The growing acceptance of this multidimensional approach to wellness has been tied to a change in the popular conception of health and wellness (Medina-Muñoz and Medina-Muñoz, 2013), the stressful nature of modern society (Frow and Payne, 2009), the prospects of social tourism (Diekmann and McCabe, 2016; Morgan et al., 2015; McCabe et al., 2010), the relationship between co-creation and well-being (Dekhili and Hallem, 2020) and to the well-being of workers through tourism experience (Lee et al., 2018). As the conceptual paradigm of wellness tourism is gradually being modified, the concept is evolving from a traditional view of health (Kamassi et al., 2020; Heung and Kucukusta, 2013; Smith and Puczkó, 2008) to a holistic wellness orientation (Kazakov and Oyner, 2020; Dillette et al., 2020; GWI, 2018; Stará and Peterson, 2017; Pyke et al., 2016; Smith and Kelly, 2006).

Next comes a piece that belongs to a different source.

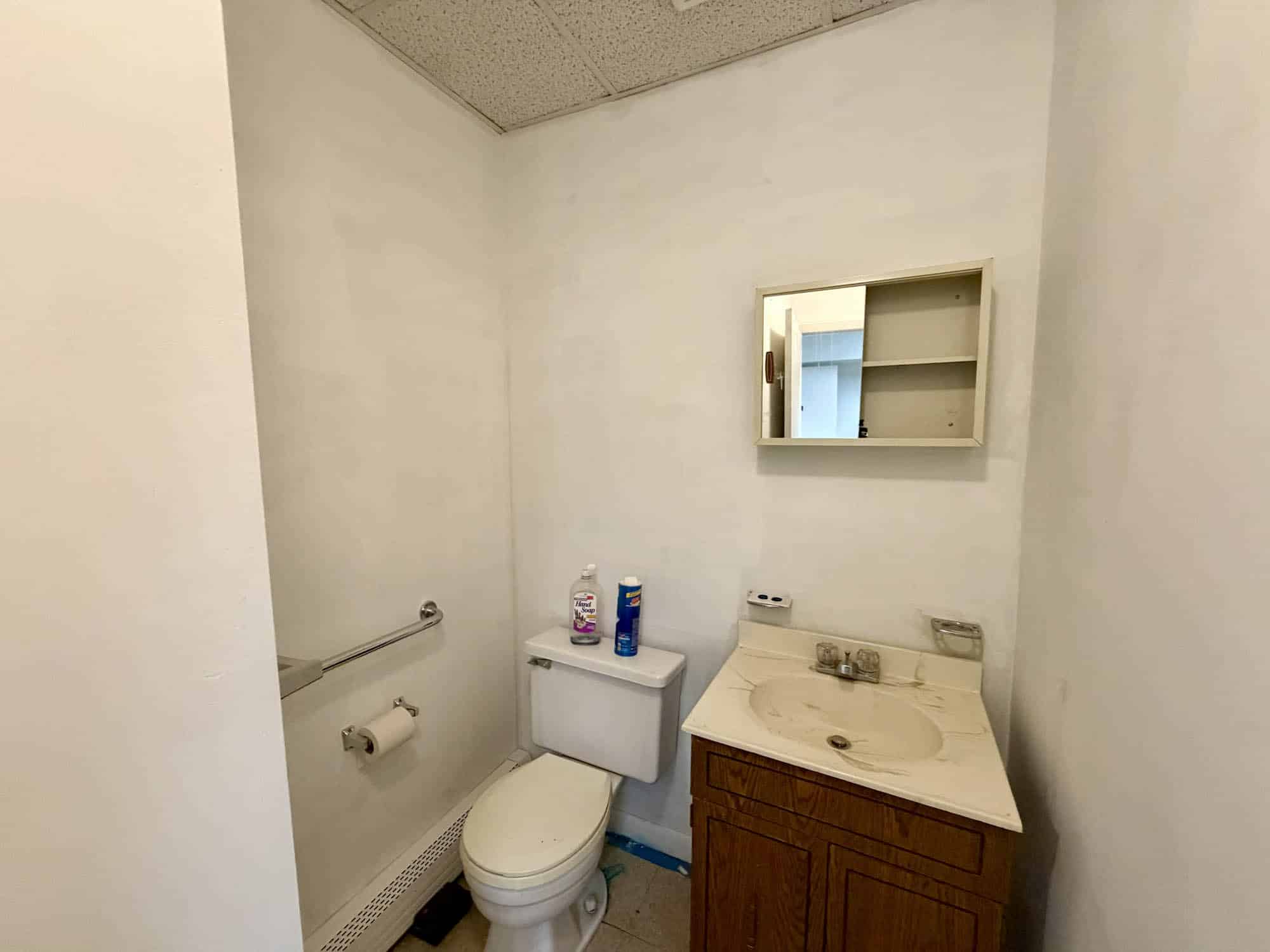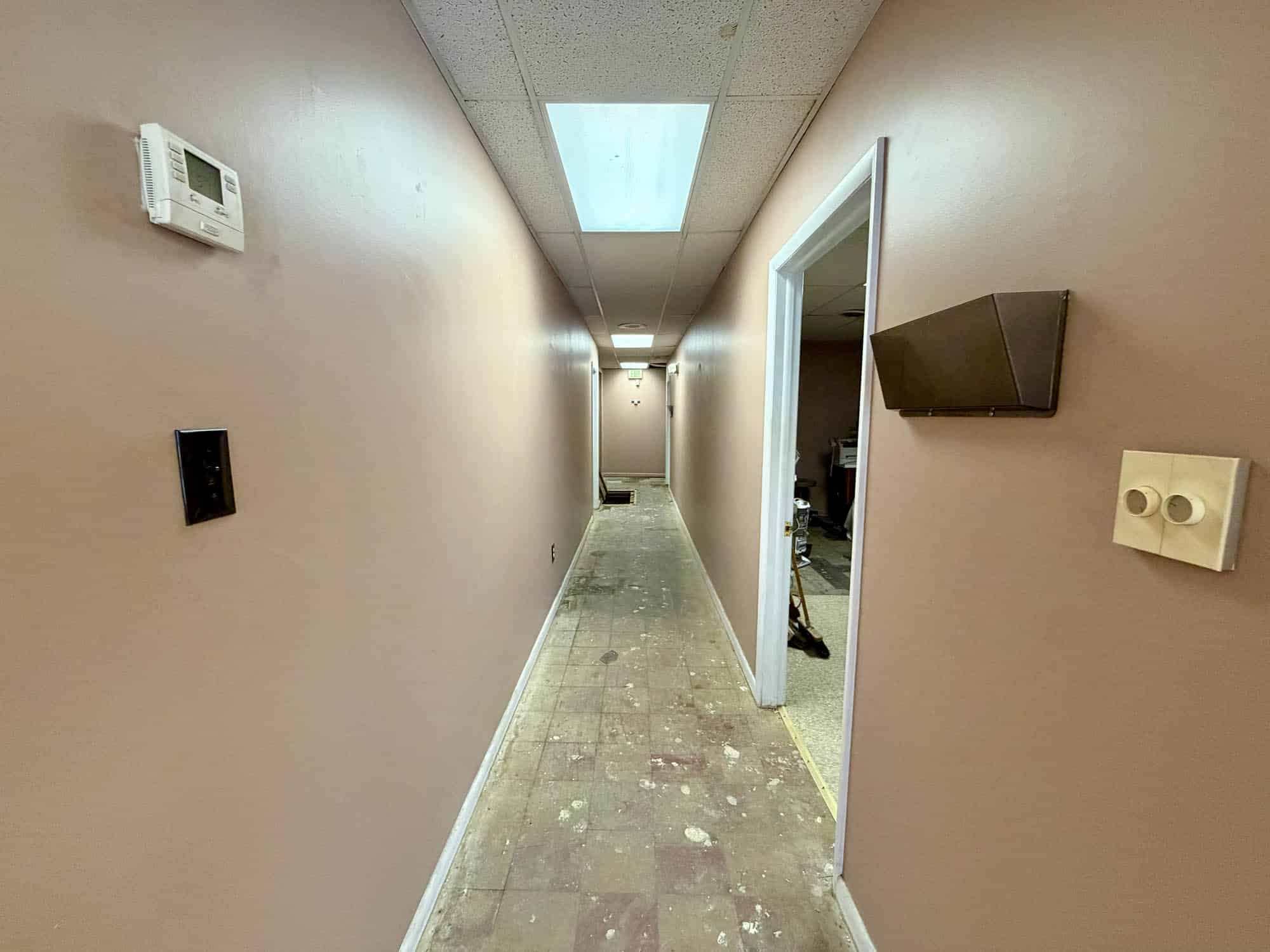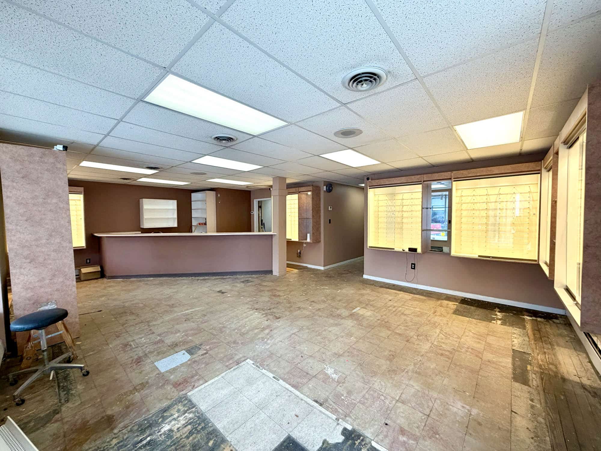 Storefront – Retail showroom area, two private offices, utility area, two powder rooms. Interior finishes are subfloor, drop ceiling and drywall. Gas forced air heat and CAC (2019). Needs renovation.

The main body of literature on wellness tourism has focused on three different dimensions (Hartwell et al., 2018): on health and well-being tourism destinations, on the impact of tourism on tourists’ health and well-being, and its impact on destination communities’ health and well-being. If we set aside those studies that analyze the impact of wellness tourism on destination communities (Wang et al., 2020; Uysal et al., 2016), we find two principal types of study.
First, are the studies on the demand side (Kim et al., 2017; Lim et al., 2016; Hritz et al., 2014; Damijanić and Šergo, 2013; Kelly, 2012; Konu, 2010; Chen et al., 2008) that show how tourists are seeking out holistic wellness propositions that encompass multiple types of services/experiences relating to wellness. In their study, Konu et al. (2010) identify six different clusters of wellness tourists that are drawn to a mix of activities in different realms such as sports, spirituality, wellness, and culture. They are categorized as: sport and nature people interested in technology; home appreciating travelers; family- and health-oriented sport and nature people; culture appreciating self-developers; material wellbeing appreciators; and indifferent about traveling and social issues.

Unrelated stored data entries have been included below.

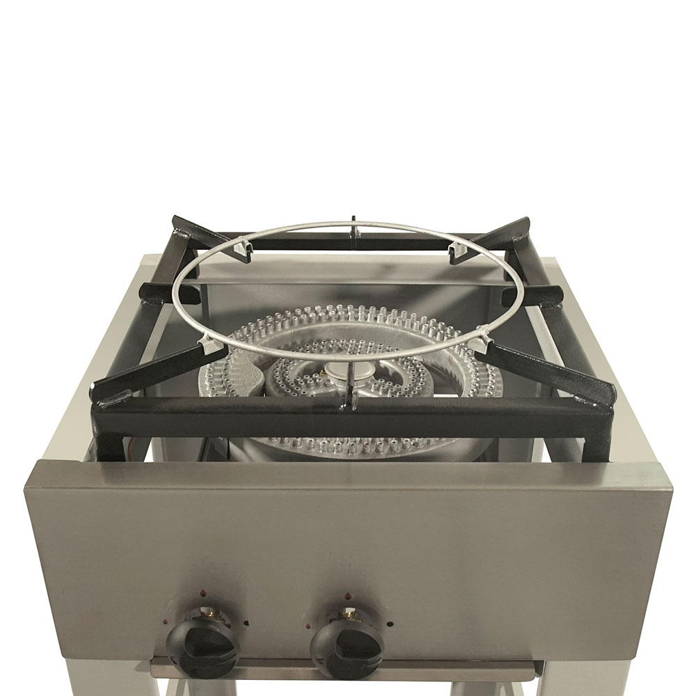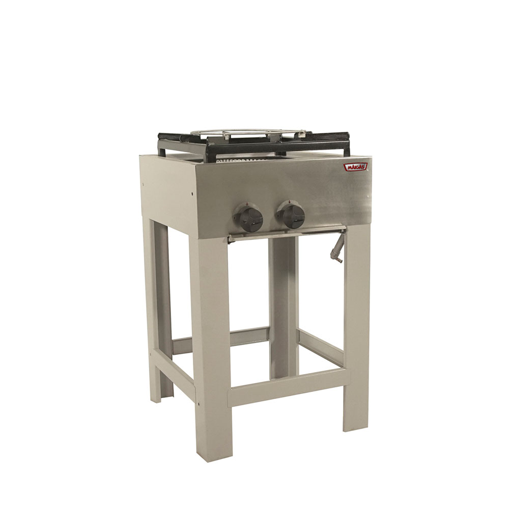 Quemadores industriales de aluminio de 180 mm. y 310 mm. de diámetro, comandados por llaves de 3 posiciones con dispositivo de seguridad.
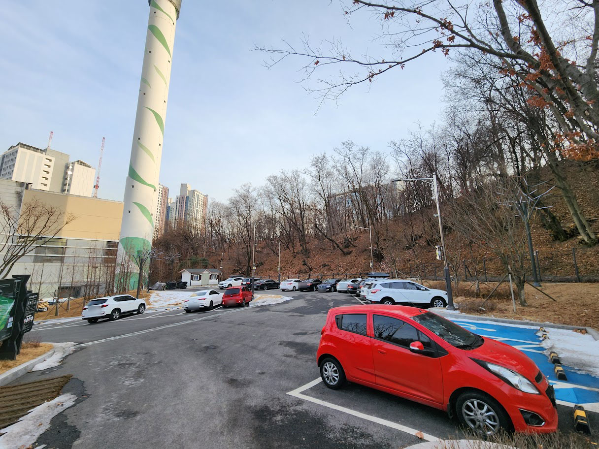 그러면 나머지 시설을 후딱 보고 텐트를 쳐야죠. 열심히 액셀 페달을 밟아 산을 오르면 이런 주차장이 나옵니다. 주차 공간은 딱 영지 당 한 대 정도로 여유롭지는 않으며, 만약 한 영지에 여러 사람이 놀러온 경우라면 구파발역 주차장에 차를 댄 뒤 좀 걸어 오시거나 하는 것이 좋습니다.
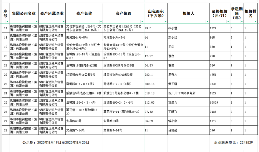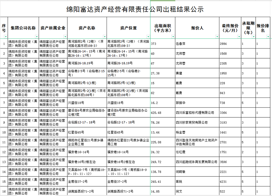 绵阳富达资产经营有限责任公司出租结果公示
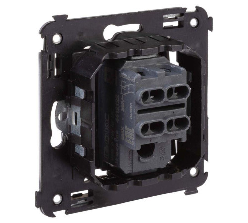 ПластикИнвертор однополюсный для монтажа в стену. Предназначен для монтажа в подрозеточные коробки (код 59301). Используется для включения/выключения освещения с трех и более мест. Диаметр отверстий для ввода кабелей – 3 мм (по 2 отверстия на одну клемму); винтовые зажимы; фиксация в подрозеточную коробку при помощи саморезов. Шаблон для зачистки кабеля – 11 мм. Номинальный ток – 16 A. Номинальное напряжение – 230 В. 2 модуля. Цвет: "Черный матовый".

Damijanić and Šergo (2013) highlight the push and pull factors for wellness tourists; they show the statistically significant relationship between reasons for travel and income on the one hand and between gender and education level on the other. The authors underscore how wellness tourists are especially attracted to wellness destinations that are known for their natural and cultural resources. Lim et al. (2016) point to the factors that both draw tourists to a specific destination for the first time and make them return again; these include, among others, the local flora and fauna as well as popular local attractions. Lee et al. (2019) identify a series of wellness activities and choices that hotels should offer to a particular tourist segment such as Millennials; these include intellectual wellness opportunities (group games and reading options, educational seminars on healthy lifestyle choices, music, etc.), spiritual wellness, natural medicine and nutritional and dietary options. Within this same category related to studying demand, there are studies that focus on destination characteristics (Voigt and Pforr, 2014) and tourism businesses (Thal and Hudson, 2019) that give rise to wellness tourism offerings but which, in our opinion, still adopt a too-narrow holistic view of wellness.

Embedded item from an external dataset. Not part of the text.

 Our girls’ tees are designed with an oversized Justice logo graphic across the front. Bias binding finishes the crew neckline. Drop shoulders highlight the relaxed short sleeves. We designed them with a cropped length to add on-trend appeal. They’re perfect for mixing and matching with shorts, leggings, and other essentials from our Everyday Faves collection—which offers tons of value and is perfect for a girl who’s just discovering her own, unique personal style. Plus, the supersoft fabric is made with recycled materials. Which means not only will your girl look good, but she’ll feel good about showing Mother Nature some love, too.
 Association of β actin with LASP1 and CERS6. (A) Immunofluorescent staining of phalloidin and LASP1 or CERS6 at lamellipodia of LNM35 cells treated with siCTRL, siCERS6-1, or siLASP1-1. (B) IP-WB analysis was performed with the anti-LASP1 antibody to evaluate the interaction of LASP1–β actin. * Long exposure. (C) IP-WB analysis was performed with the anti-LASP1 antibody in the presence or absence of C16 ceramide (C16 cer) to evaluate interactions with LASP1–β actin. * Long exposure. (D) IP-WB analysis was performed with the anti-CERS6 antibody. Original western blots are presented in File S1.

To meet the diversified and integrated wellness needs of tourism demand, a broad holistic approach is necessary. It has to be reflected in wellness destinations’ capacity to produce wellness value propositions [6] that take into consideration a variety of components making up the wellness offering (Page et al., 2017; Hjalager and Flagestad, 2012) and that follow a systemic and experiential managerial logic, one especially well-suited to the tourism context (Pencarelli and Forlani, 2018).
Even in holistic wellness tourism, the ultimate goal is to satisfy tourists’ growing demand for hedonic (low-level) and eudaimonic [7] (higher level) (Lee and Jeong, 2020; Rahmani et al., 2018) experience-products and transformation-products (Mackenzie and Raymond, 2020; Pung et al., 2020; Pencarelli and Forlani, 2018; Hartwell et al., 2018; Kim et al., 2015a; Pearce, 2009; Lean, 2009). In fact, according to the experience economy model proposed by Pine and Gilmore (2000), the “experience” needs to be considered something more than a category of attributes to enrich and differentiate traditional products (raw materials, goods and services). In their model, experience is, above all, a new and different offer category. When tourists travel for pleasure, there is always the more or less conscious quest for an experience. For tourism destinations, therefore, it is important to put the wellness experience requirement at the center of their managerial actions to provide their clientele with economic proposals that go beyond the simple mix of goods and services and that are geared more purposefully and consciously toward offering experiences designed to entertain, engage emotionally and transform tourists, thus improving the customer’s well-being.
An attempt at a multidimensional interpretation of wellness tourism can be found in several studies that associate this phenomenon with various typologies of touristic experiences (Kazakov and Oyner, 2020; Huang et al., 2019; Hwang and Lee, 2019; Damijanić, 2019; Gao et al., 2018; Sharma and Nayak, 2018; GWI, 2018; McCabe and Johnson, 2013; Smith and Puczkó, 2008; Smith and Kelly, 2006). We hold that in a holistic view, wellness is understood as the active or passive safeguarding of people’s state of health (and prevention or mediation of illness). It is an essential condition of individuals whose health, cultural, spiritual, nutritional, athletic and environmental needs are met – in line with the current world demand trends (Angus and Westbrook, 2020; GWS, 2020; GWI, 2020). A holistic concept of wellness tourism would include additional, nontraditional categories of services and experiences.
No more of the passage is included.